References, they are similiar to pointers but have their own advantages/disadvantages in comparison, so for the big question:

What is a Reference?

A reference simply put is a reference to the memory address of another object/variable.
So for example, a reference refers to a variable and thus as such anything you do to the reference is really occuring on the object/variable that the reference is referring to. References are similiar to pointers but they have some distinct differences as will be explained at a later stage.

How do I declare a reference?

A reference is declared via the following syntax:
<Data Type> <Reference Operator> <Reference Name> = <Target>

So for example:

int &rAge = age;


Now to illustrate the above, an example:

#include <iostream>

int main() 
{
using std::cout;
using std::endl;
int age = 18;
int &rAge = age; //reference

cout << "age: " << age << endl;
cout << "rAge: " << rAge << endl;

rAge = 20;

cout << "age: " << age << endl;
cout << "rAge: " << rAge << endl;

age = 24;

cout << "age: " << age << endl;
cout << "rAge: " << rAge << endl;
return 0;
}



After you have run the example code above, there are a few things to note:

  • The datatype of the reference MUST be the same as its target's datatype
  • When a value is assigned to the reference, it is actually being assigned to its target variable.
  • when age is changed, the reference variable's data is changed too!


Now you might be wondering, why is it that when I assign a variable to age, the reference is changed when I have not changed the data in my reference explicitly like so: rAge = 20;.
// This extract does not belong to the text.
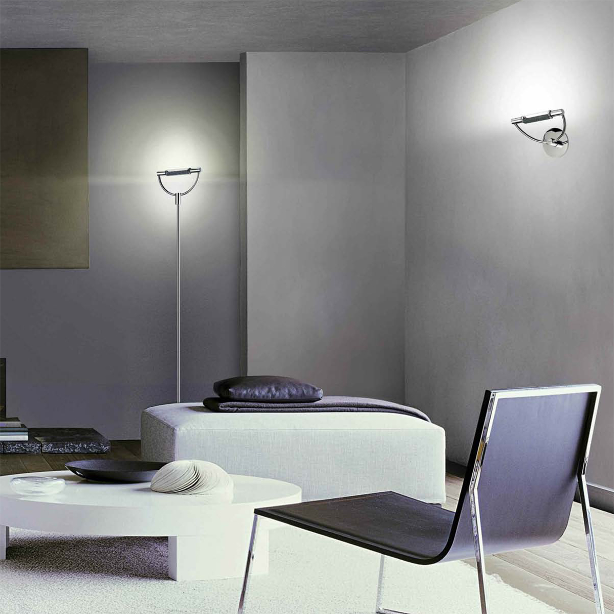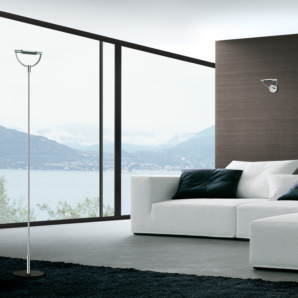 Die Cini & Nils Graditerra retinato Stehleuchte ist in glanzverchromter oder satiniert-vernickelter Ausführung zu erwerben. Basen in unterschiedlicher Tönung erweitern die Produktpalette und bieten eine individuelle Art der Gestaltung.

Well in order to explain this, you must know how to fetch the address of a reference. Now some get confused by this as the address-of operator(&) is used to declare the reference and think that the following will output the reference's address:

#include <iostream>
int main() 
{
using std::cout;
int data = 20;
int &rData = data;
cout << rData;
return 0;
}



Well sadly this is very wrong and many people new to references make this mistake, even though the reference operator is used for more than one operation, it still is necessary when fetching the address of a reference like so:

#include <iostream>
int main() 
{
using std::cout;
int data = 20;
int &rData = data;
cout << "Address in memory of data: " << &data << std::endl;
cout << "Address in memory of rData: " << &rData << std::endl;
return 0;
}




Your output should be similiar to the following:
>Address in memory of data: 0x22ff18
>Address in memory of rData: 0x22ff18



(Your output of the memory addresses may be different depending on your CPU/OS Bitsize etc...)
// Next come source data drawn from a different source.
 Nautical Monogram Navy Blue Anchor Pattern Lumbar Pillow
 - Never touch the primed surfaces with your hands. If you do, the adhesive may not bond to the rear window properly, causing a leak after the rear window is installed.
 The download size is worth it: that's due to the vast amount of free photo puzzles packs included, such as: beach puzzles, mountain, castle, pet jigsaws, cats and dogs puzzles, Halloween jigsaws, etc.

The simple yet fundamental example above not only shows you how to fetch the address of a reference but demonstrates a fundamental charachteristic of references. The reference refers to the data in its target and as such has the same memory address!

Referring to multiple targets:


This CANNOT be done. references are initialized to refer to their target variable and CANNOT then be reassigned to refer to another target variable at a later stage of your program. a NEW reference must be made for this to occur.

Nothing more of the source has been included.